→ **EXERCISE INSTRUCTIONS**: Begin with the first line below and retype each line exactly through the line containing "Доски разделочные доляна, набор". Any pictures are to be left out.

Top of RECORDED INFORMATION

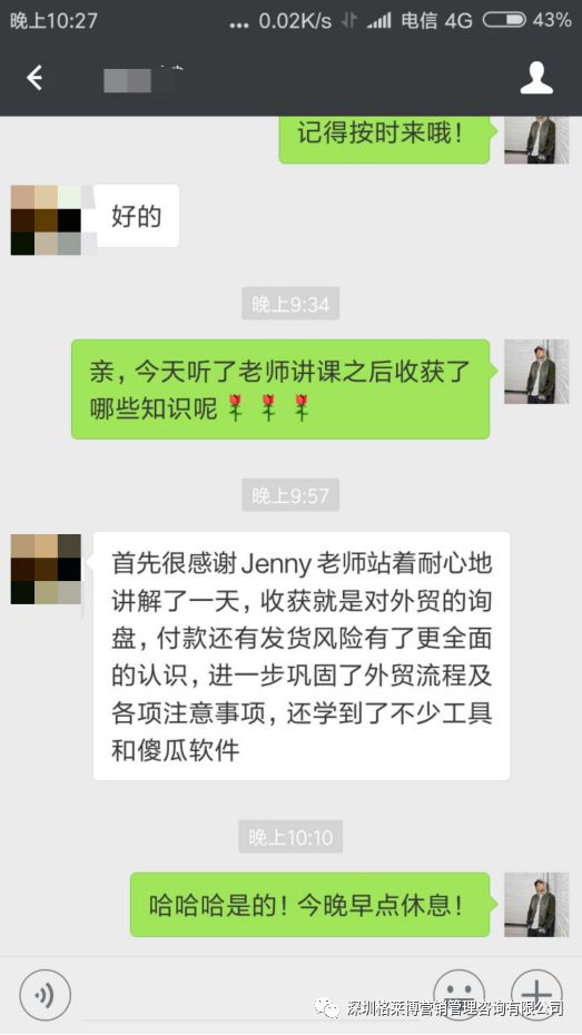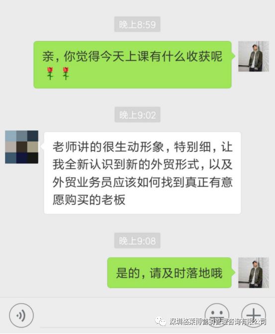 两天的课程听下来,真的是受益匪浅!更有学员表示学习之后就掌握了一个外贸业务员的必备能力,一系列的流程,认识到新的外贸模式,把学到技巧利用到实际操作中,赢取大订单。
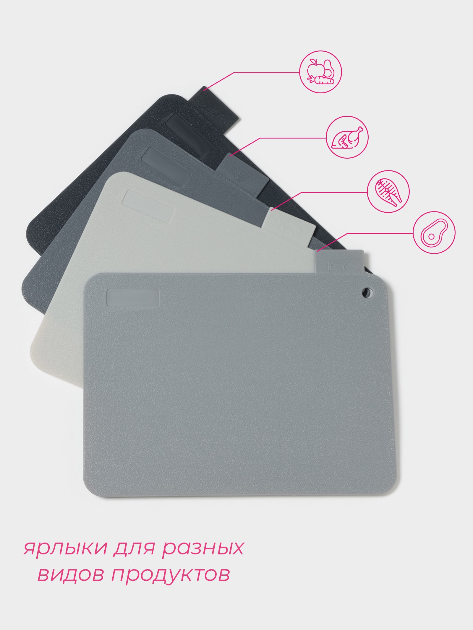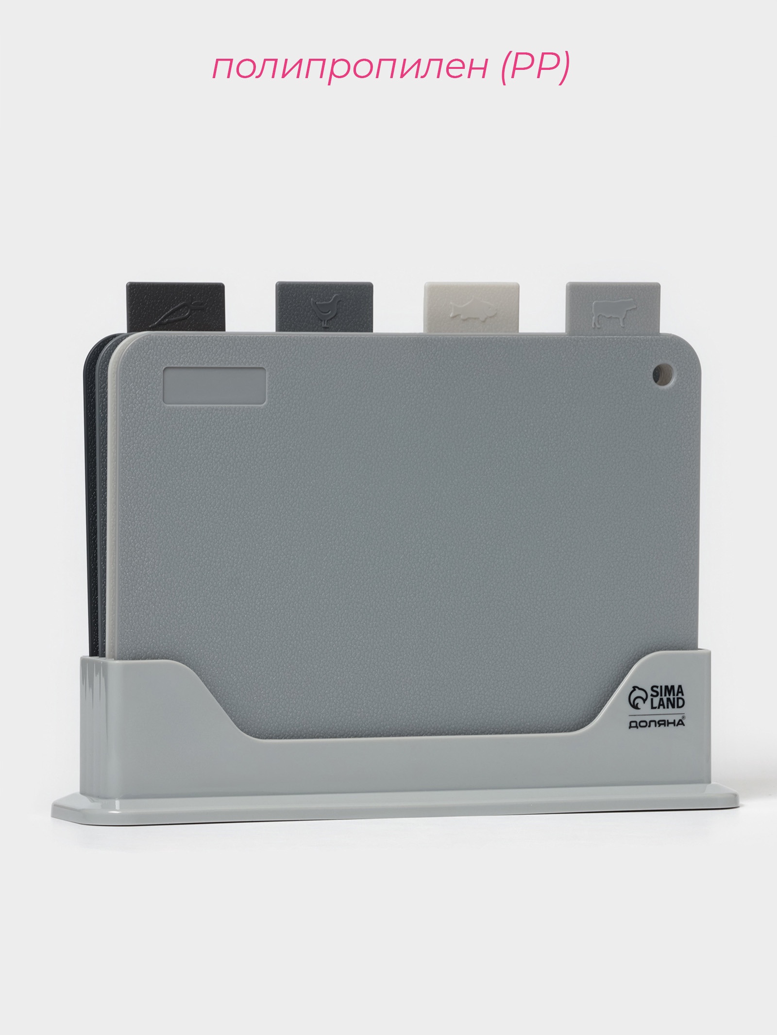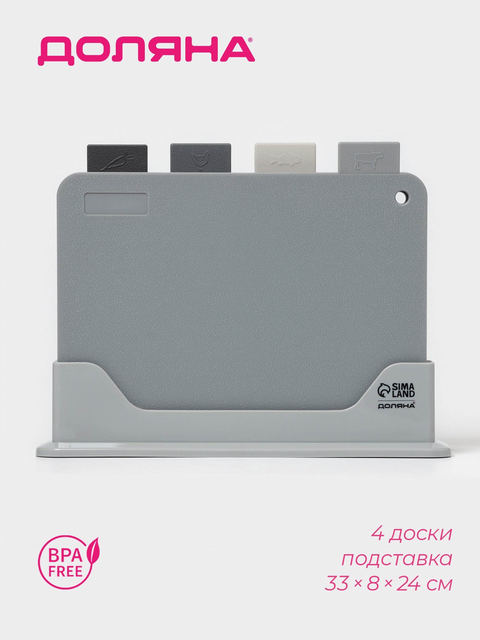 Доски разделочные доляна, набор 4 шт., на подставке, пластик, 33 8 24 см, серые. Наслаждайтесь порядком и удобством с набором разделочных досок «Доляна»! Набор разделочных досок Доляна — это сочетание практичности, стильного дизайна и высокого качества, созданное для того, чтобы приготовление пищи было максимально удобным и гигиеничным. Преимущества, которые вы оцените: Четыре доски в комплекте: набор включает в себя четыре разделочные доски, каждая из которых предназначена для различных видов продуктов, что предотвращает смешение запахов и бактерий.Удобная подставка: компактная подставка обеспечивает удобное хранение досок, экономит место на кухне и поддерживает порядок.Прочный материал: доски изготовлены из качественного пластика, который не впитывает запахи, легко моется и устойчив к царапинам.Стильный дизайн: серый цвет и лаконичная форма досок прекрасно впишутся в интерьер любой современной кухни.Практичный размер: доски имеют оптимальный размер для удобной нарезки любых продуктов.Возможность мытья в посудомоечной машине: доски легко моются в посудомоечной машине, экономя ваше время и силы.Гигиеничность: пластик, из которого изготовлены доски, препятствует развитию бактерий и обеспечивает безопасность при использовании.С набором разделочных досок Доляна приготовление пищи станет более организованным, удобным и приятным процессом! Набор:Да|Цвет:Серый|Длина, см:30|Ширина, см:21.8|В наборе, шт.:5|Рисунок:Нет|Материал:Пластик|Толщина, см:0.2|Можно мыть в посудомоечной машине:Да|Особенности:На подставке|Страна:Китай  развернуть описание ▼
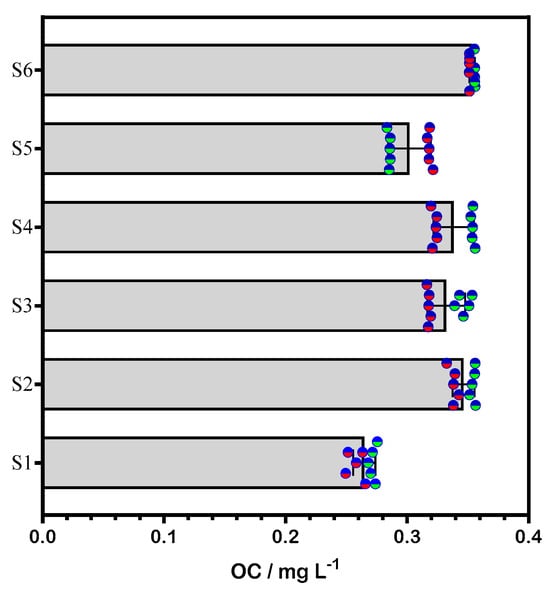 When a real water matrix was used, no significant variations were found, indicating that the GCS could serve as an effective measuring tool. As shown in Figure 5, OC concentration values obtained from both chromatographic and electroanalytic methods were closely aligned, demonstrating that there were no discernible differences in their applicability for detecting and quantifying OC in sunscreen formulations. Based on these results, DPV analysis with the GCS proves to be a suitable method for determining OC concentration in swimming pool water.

Bottom of RECORDED INFORMATION

→ **RESULT OF THIS TASK**:
 两天的课程听下来,真的是受益匪浅!更有学员表示学习之后就掌握了一个外贸业务员的必备能力,一系列的流程,认识到新的外贸模式,把学到技巧利用到实际操作中,赢取大订单。
 Доски разделочные доляна, набор 4 шт., на подставке, пластик, 33 8 24 см, серые. Наслаждайтесь порядком и удобством с набором разделочных досок «Доляна»! Набор разделочных досок Доляна — это сочетание практичности, стильного дизайна и высокого качества, созданное для того, чтобы приготовление пищи было максимально удобным и гигиеничным. Преимущества, которые вы оцените: Четыре доски в комплекте: набор включает в себя четыре разделочные доски, каждая из которых предназначена для различных видов продуктов, что предотвращает смешение запахов и бактерий.Удобная подставка: компактная подставка обеспечивает удобное хранение досок, экономит место на кухне и поддерживает порядок.Прочный материал: доски изготовлены из качественного пластика, который не впитывает запахи, легко моется и устойчив к царапинам.Стильный дизайн: серый цвет и лаконичная форма досок прекрасно впишутся в интерьер любой современной кухни.Практичный размер: доски имеют оптимальный размер для удобной нарезки любых продуктов.Возможность мытья в посудомоечной машине: доски легко моются в посудомоечной машине, экономя ваше время и силы.Гигиеничность: пластик, из которого изготовлены доски, препятствует развитию бактерий и обеспечивает безопасность при использовании.С набором разделочных досок Доляна приготовление пищи станет более организованным, удобным и приятным процессом! Набор:Да|Цвет:Серый|Длина, см:30|Ширина, см:21.8|В наборе, шт.:5|Рисунок:Нет|Материал:Пластик|Толщина, см:0.2|Можно мыть в посудомоечной машине:Да|Особенности:На подставке|Страна:Китай  развернуть описание ▼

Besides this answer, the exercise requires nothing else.